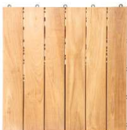
VFS-GO115H 30 x 30 x 2.5H (Cm)
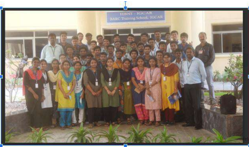
INDUSTRIAL VISIT TO IGCAR, Kalpakkam
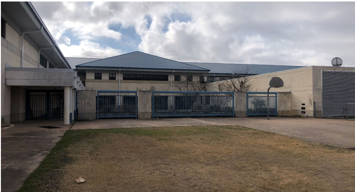
Secured courtyard in back of school is adequately sized but needs shade and updated furniture to function well.
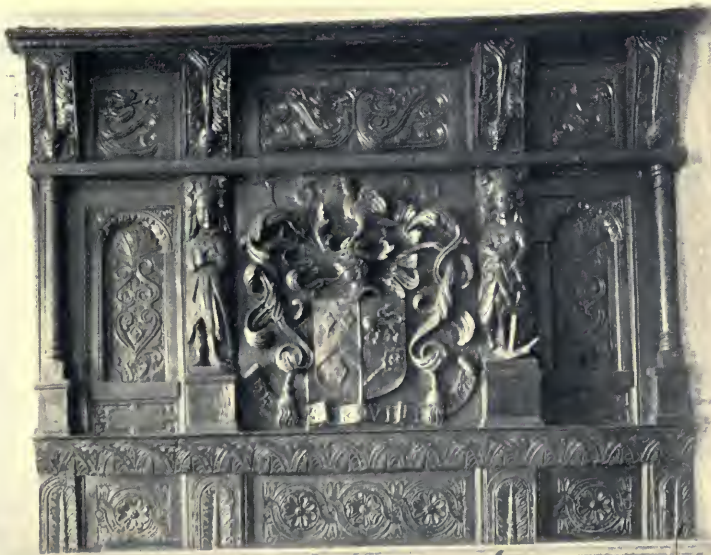
CHIMNEY-PIECE IN COLLEGE FARM, PURTON.
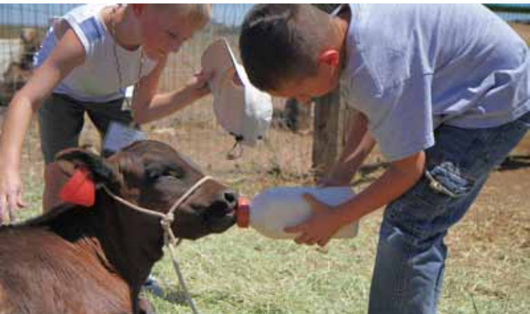
Children feed a calf on Friday, June 15 at the PTC petting zoo.

One of the most exciting activities for the children of Philmont Training Center (PTC) participants is the petting zoo. Located east of the Handicraft Lodge, just past the campfire ring is the pony pasture. Here, kids have the opportunity to interact with a variety of different farm animals.
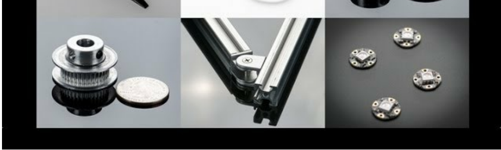
Aluminum GT2 Timing Pulley - 6mm Belt - 20 Tooth - 8mm Bore ( 13:20 )

Task brief: The lines above may hold the string "petting". Say how many do, and give only that number.

Answer to the problem: 2